Google has been a big name on the electronic book circuit. Of course, for a long time that’s because they were so heavily involved in scanning content for Google Books, making public domain content available free of charge. They also put some effort, even in those early phases, toward providing book previews of commercial projects. Six months ago Google launched their eBook store, which integrates your eBook purchases with your Google account, allowing you to view your content on numerous eBook readers, smartphones, tablets, and any computer where you can log into your account. Google is now adding a set of features for those who use their computer to read books.

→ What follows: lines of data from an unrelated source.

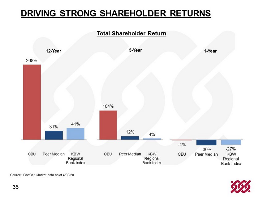 34 TOTAL SHAREHOLDER RETURNS (ANNUALIZED) (Through April 30, 2020 or most recent available, Including Reinvestment of Dividends) 1 Year 5 Years 10 Years 12 Years 15 Years CBU (3.6%) 15.3% 13.3% 11.5% 10 .9% S&P 600 Commercial Banks Index (23.3%) 3.3 % 7.3% 3.6% 1.5% KBW Regional Bank Index (27.4%) 0.7% 5.1% 2.9% 1.3% S&P 500 Index 0.8% 9.1% 11.7% 8.7% 8.6% Dow Jones Industrial Average (6.1%) 9.1% 11.0% 8.3% 8.7% Prior to Financial Crisis Source: Bloomberg
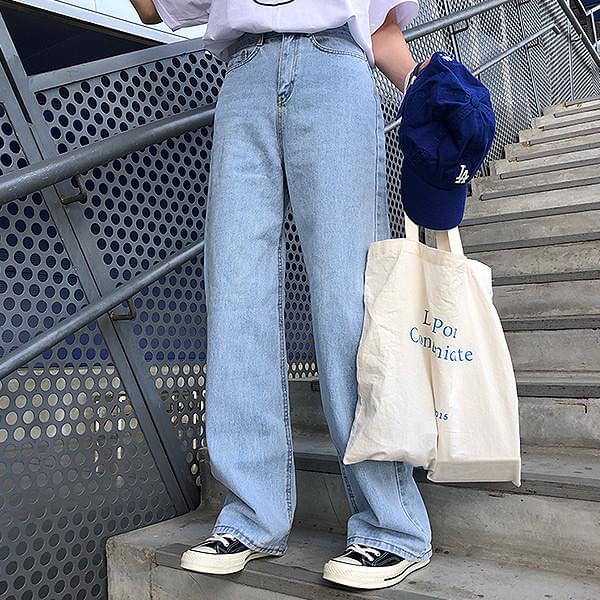 牛仔落地褲非常百搭,搭襯衫搭t-shirt都沒問題
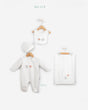 Kit de naissance 4 pièces : barboteuse, bonnet, bavoir et couverture
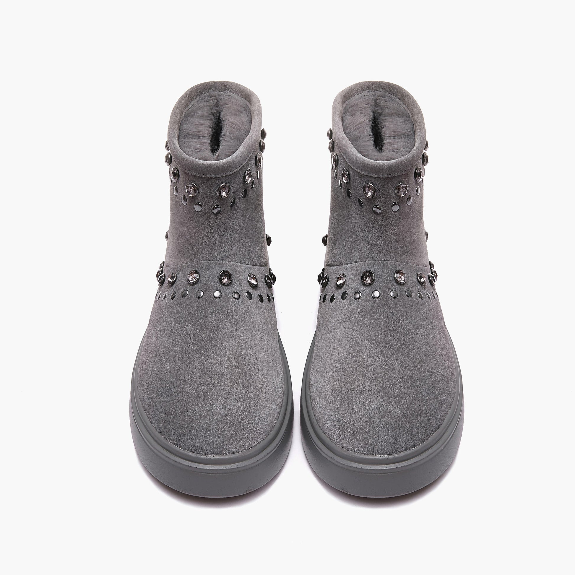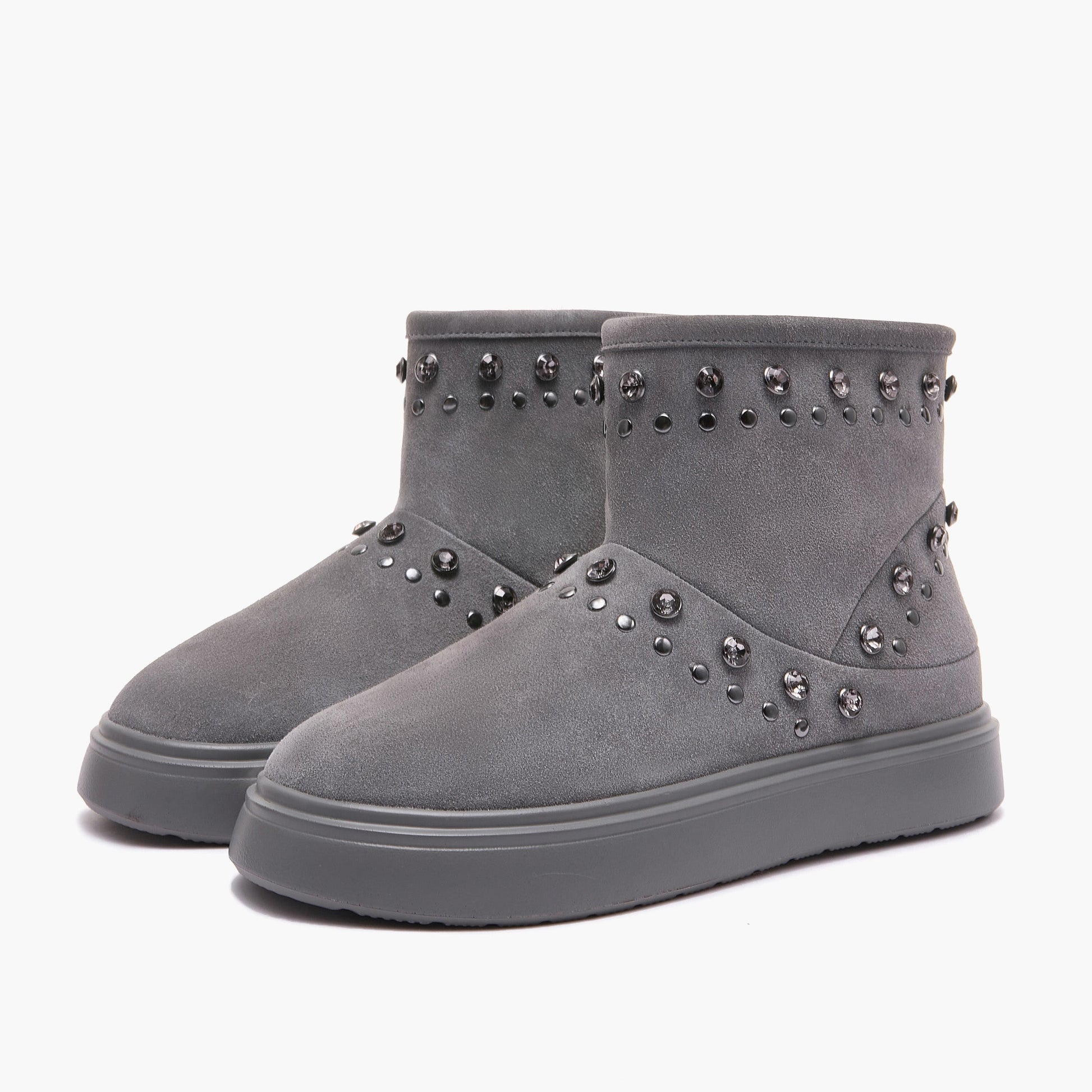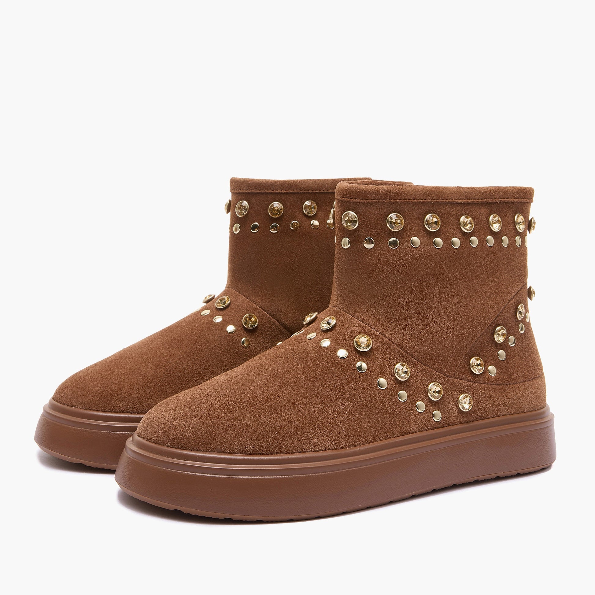 Tronchetto in pelle scamosciata foderato in pelliccia sintetica, dettagli in strass e borchie, fondo in gomma 30mm
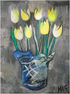 I use color to define objects in my painting. I’m not sure how a colorblind person would view my paintings, and I wonder if the major effects would be lost in their eyes. Complementary colors are especially important to me, because of the way their juxtaposition makes objects “pop.” Sometimes, I intentionally restrict my color palette to get a specific mood or effect. To do this, I pull out some paint tubes and force myself to use only those I pulled out to paint a specific image.
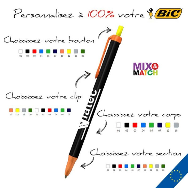 Ce stylo BIC publicitaire est disponible en vert, blanc et turquoise, mais fabriquez votre propre combinaison en choisissant la couleur de chaque partie du stylo avec la fonction Mix&Match, plus de 1000 combinaisons disponibles. Contactez-nous pour personnaliser votre stylo !

Three primary features have been added: define, translate, and search. Here’s a brief description of each.:
- Define. Don’t know what a word means? Well, when the word “convoluted” comes up in your text, you can just highlight it and choose “define” to learn that the phrase means “Extremely complex and difficult to follow” through a simple Google on-page popup.
- Translate. If you want to read foreign books or if you come across a foreign phrase in a book you’re reading (or an entire chapter in Latin, like in A Canticle for Leibowitz), you can now easily translate the content using the Google Translate tool by highlighting the text in question and selecting the “Translate” option. There are dozens of languages you can translate from, or you can have Google scan the text to see what language it thinks it is.
- Search. You can highlight any phrase and do a search for that phrase within the eBook you’re reading, via Google, or via Wikipedia. That means when Neil Fiore mentions Abraham Maslow in The Now Habit (my favorite book to read when I’m procrastinating), you can do a quick search to find more data.
These features are available as of immediately for anyone reading a Google eBook on their computer. For the time being, define, translate, and search are not a part of the iOS or Android versions of eBooks.